Led by Nahla, each culinary workshop is a living, local experience- rooted in the landscape, season, and the stories ingredients carry, it is an opportunity for you to care about your body and nourish yourself and the people around you. Together, we taste, touch, and play- focusing on nourishment, intuitive technique, and the forgotten wisdom of our local plants. No strict recipes. No sterile classrooms. Just custom-made sessions that blend nutrition, memory, everyday practicality and presence into food that feels alive. We’ll listen to music, and fall in love with healthy, no-waste cooking.
For friends, retreats, or community spaces
A hands-on, communal cooking session where we work with seasonal ingredients and intuitive methods to prepare nourishing, grounding dishes, and come together like a family to enjoy them. Each participant gets paired up, and is given a recipe, or two to execute.
55 JD per person (minimum 6)
For nature lovers, retreats, or creative events
Cook and eat in nature, whether in the desert, farm, or forest. This is food as landscape, woven with foraged ingredients, land to table techniques, and wild simplicity.
70 JD per person (minimum 5 people)
This can be booked/ hosted privately at your farm, as an add on for your hike and more.
For individuals, couples or friends (up to 4) seeking ways to cook in custom ways (those facing dietary issues or have limited time due to lifestyles)
A deeply personalized cooking class, designed around your body, your needs, and the season. For those in transition, healing, or simply wanting to reconnect with food intimately and fall in love with cooking.
120 JD for 1 person
180 JD for 2 people
450 JD for 4 people
I was invited by Colombscope to showcase my work, I Sit Under your Shade but to also offer workshops that explored the intersections between ancient practices of culinary healing, and today's urban tired world.
Alchemy in the Urban gathered 15 participants; artists, writers, botanists, to take residence at Ranbath Organic and explore healing modalities in poetic and personal ways.

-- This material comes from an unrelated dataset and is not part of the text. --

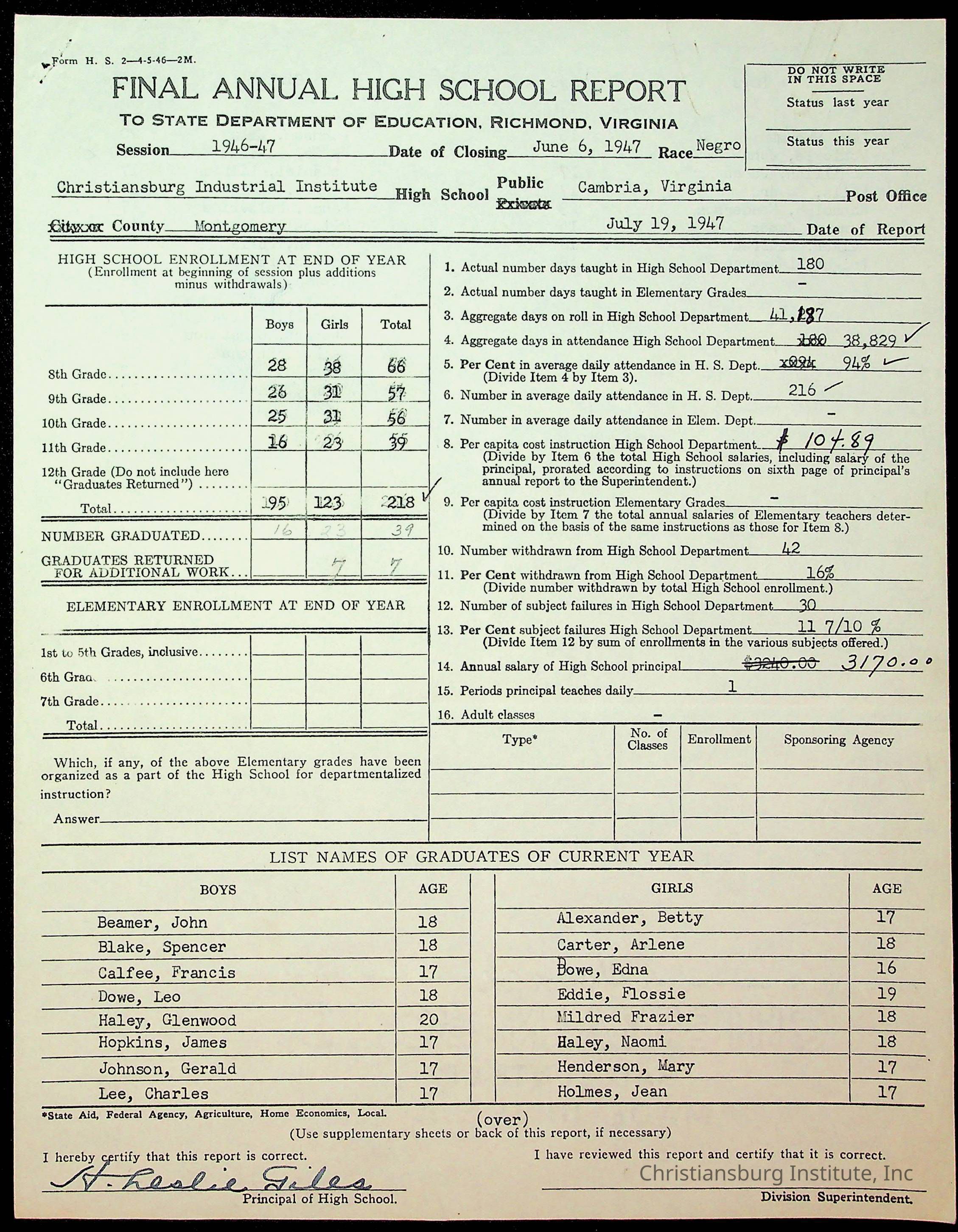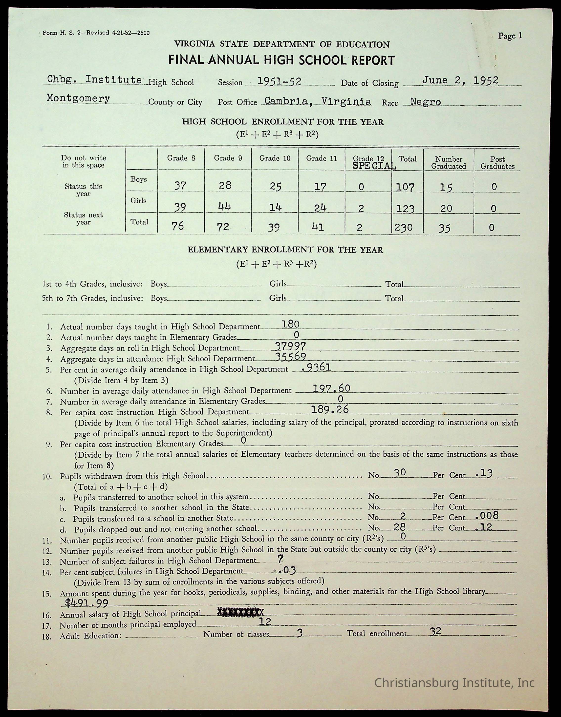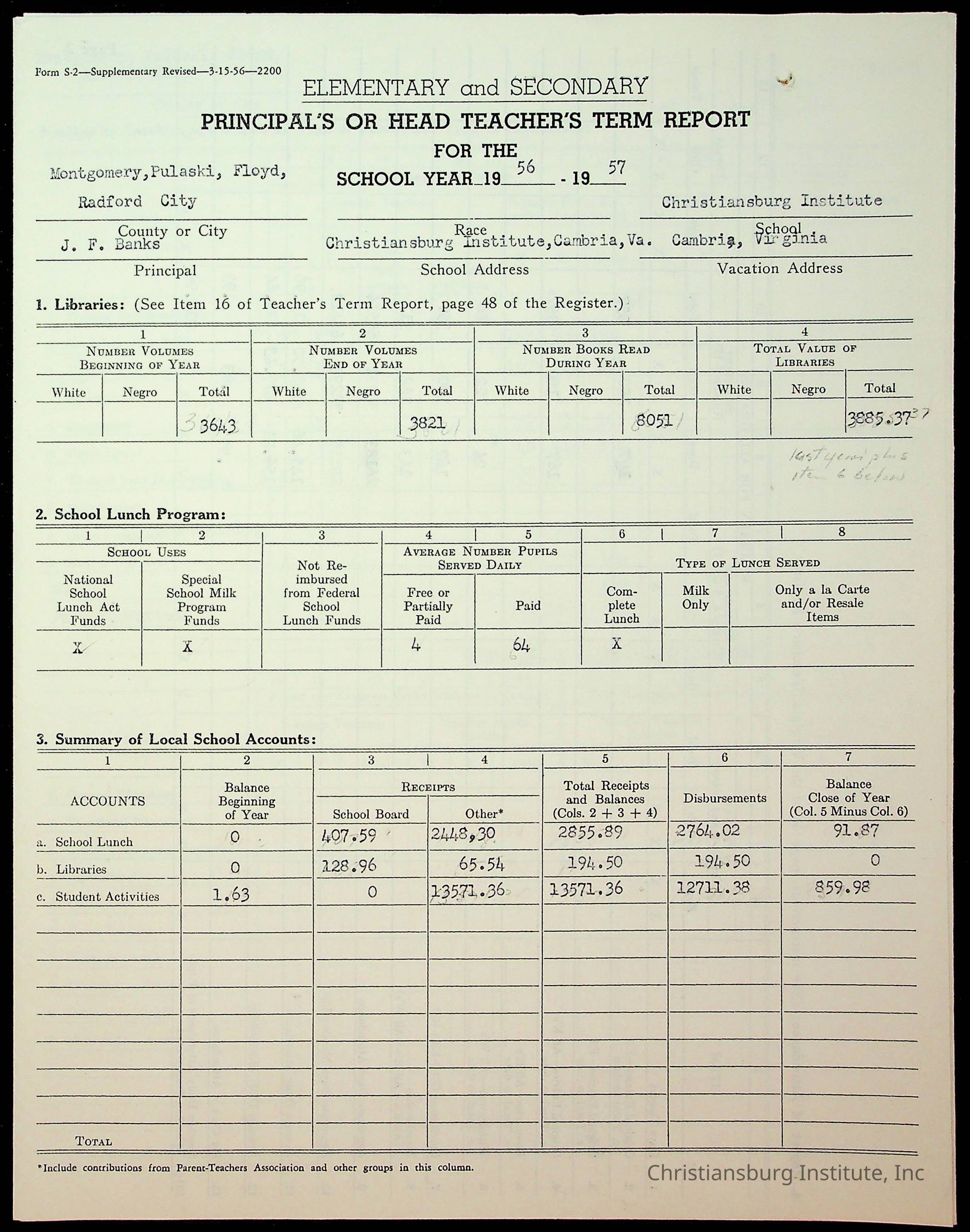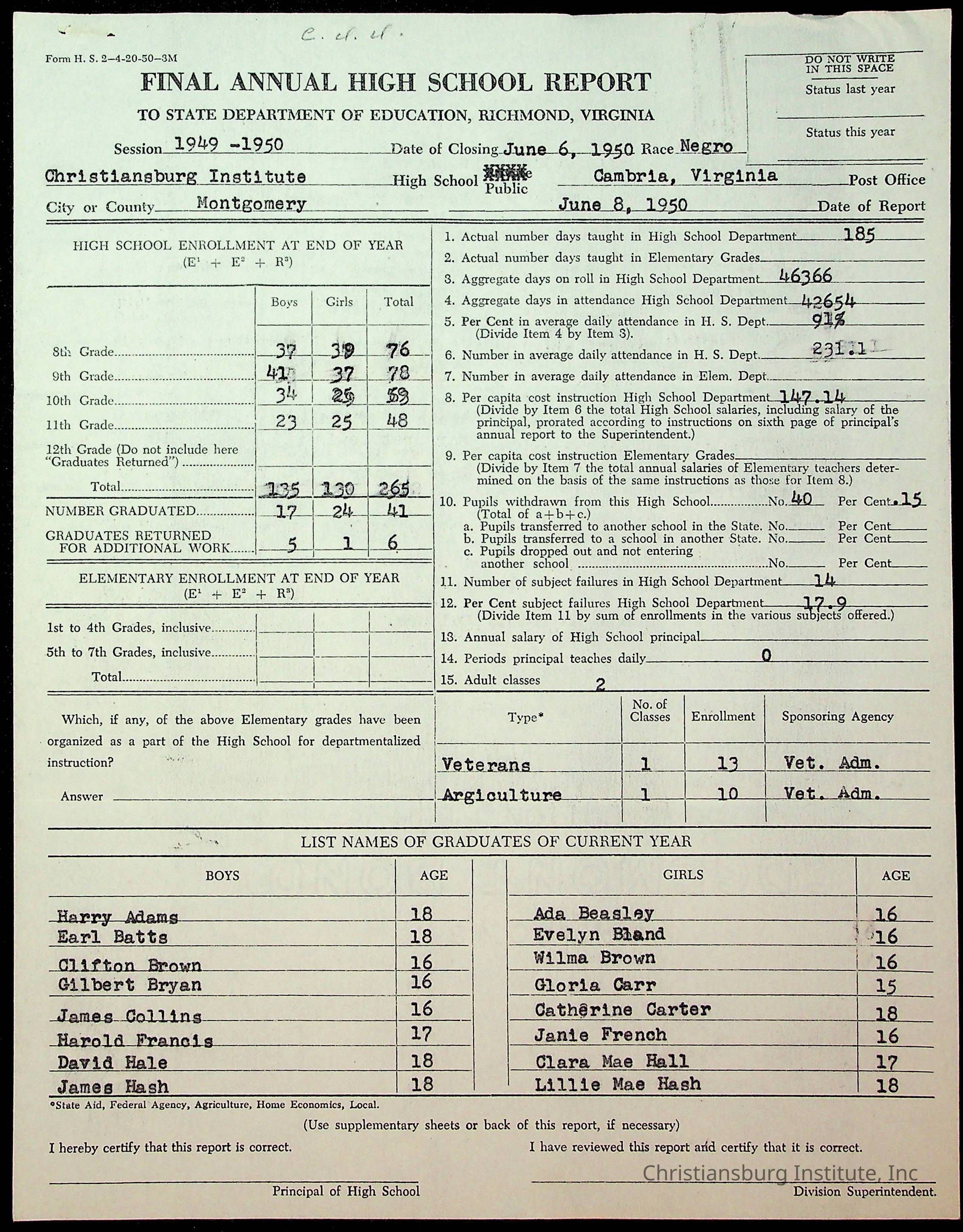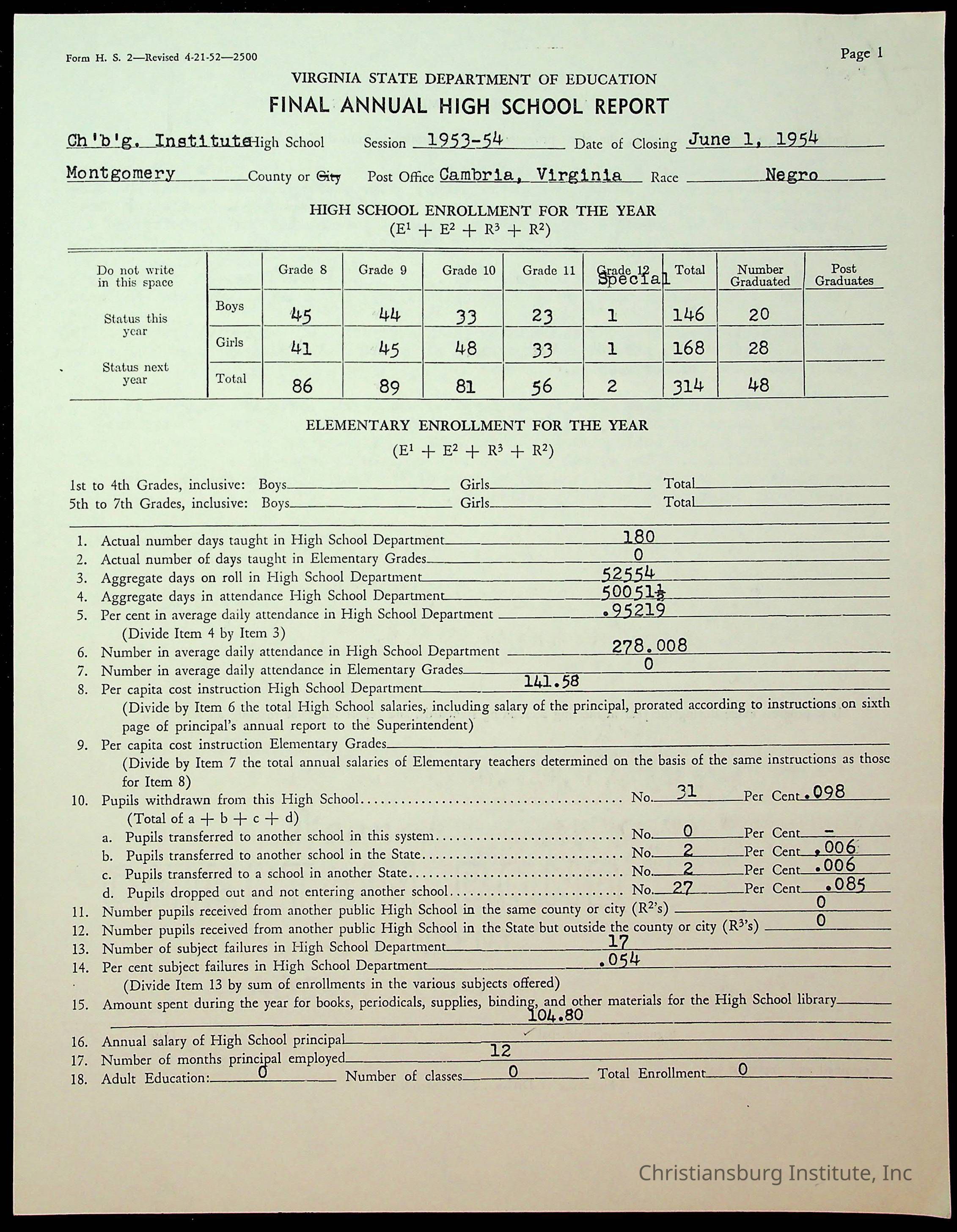 Copyright has been assigned to Christiansburg Institute Museum & Archives by Montgomery County Public Schools. For permission to publish materials created by the donor, contact CIMA@christiansburginstitute.com. Materials not created by Christiansburg Industrial Institute may still be under copyright.

Leading up to the workshop, I explored Ranbath Organic's family farm, and the family run Ayurvedic medicine production facility Ayuwanna in search of deeper knowledge, and understanding how, in today's world, such practices can be accessible to all who wish to practice across socio-economic divides and lifestyles.
Day 1 of the workshop was an exercise in mapping; produce from the farm, with intuitive anatomy, and our own personal traumas and current affairs; grief, decolonisation, witnessing a genocide and more. Participants began to create dishes, drinks and remedies that could bridge these approaches, and serve as talismans.
Day 2 of the workshop explored another kind of healing- the magic that happens when a community gather together. Inspired by the collective cookie making tradition in the Middle East of Mamoul or Kaak Al Eid, we stuffed this semolina cookie with Sri Lankan staples; peanuts, jaggery and coconut. A noisy assembly line of invested participants, pinching, shaping and stuffing- ultimately resisting individualistic cultures.
Traditionally, these cookies are offered to others, to celebrate with visitors during Eid or Easter, and so, we offered the baked cookies during Colomboscope's farewell dinner.
For the farewell dinner, or offering, I performed the role of the mother, the medicine woman, the intuitive, caring, listener, each eater was inviting to my table, to whisper their ailments, and spread across the table were replicas different healing dishes the participants had developed. I would combine the best possible concoctions, and scoop them onto naturally dyed hoppers for the guests to enjoy.
Photo courtesy Isira Sooriyaarachch and Colombscope (2024).
I created a workshop in collaboration with Namliyeh with the intention of evolving once and for all past out mother’s go to dip from the 80s: labneh and the onion soup packet.
The 4 hour workshop began by embarking on an urban forage around our neighbourhood, Jabal Weibdeh, to pick up fresh herbs, vegetables, bread and more ingredients that would be woven together into sauces and dips.
Additionally, we learned about the medieval origins of hummus, the concept of ‘taghmees’ as a community bonding experience and explored unconventional flavour profiles including a Spanish cold watermelon and tomato soup.
The day concluded with a feast of our concoctions! We also put together a interactive recipe book to share amongst the group.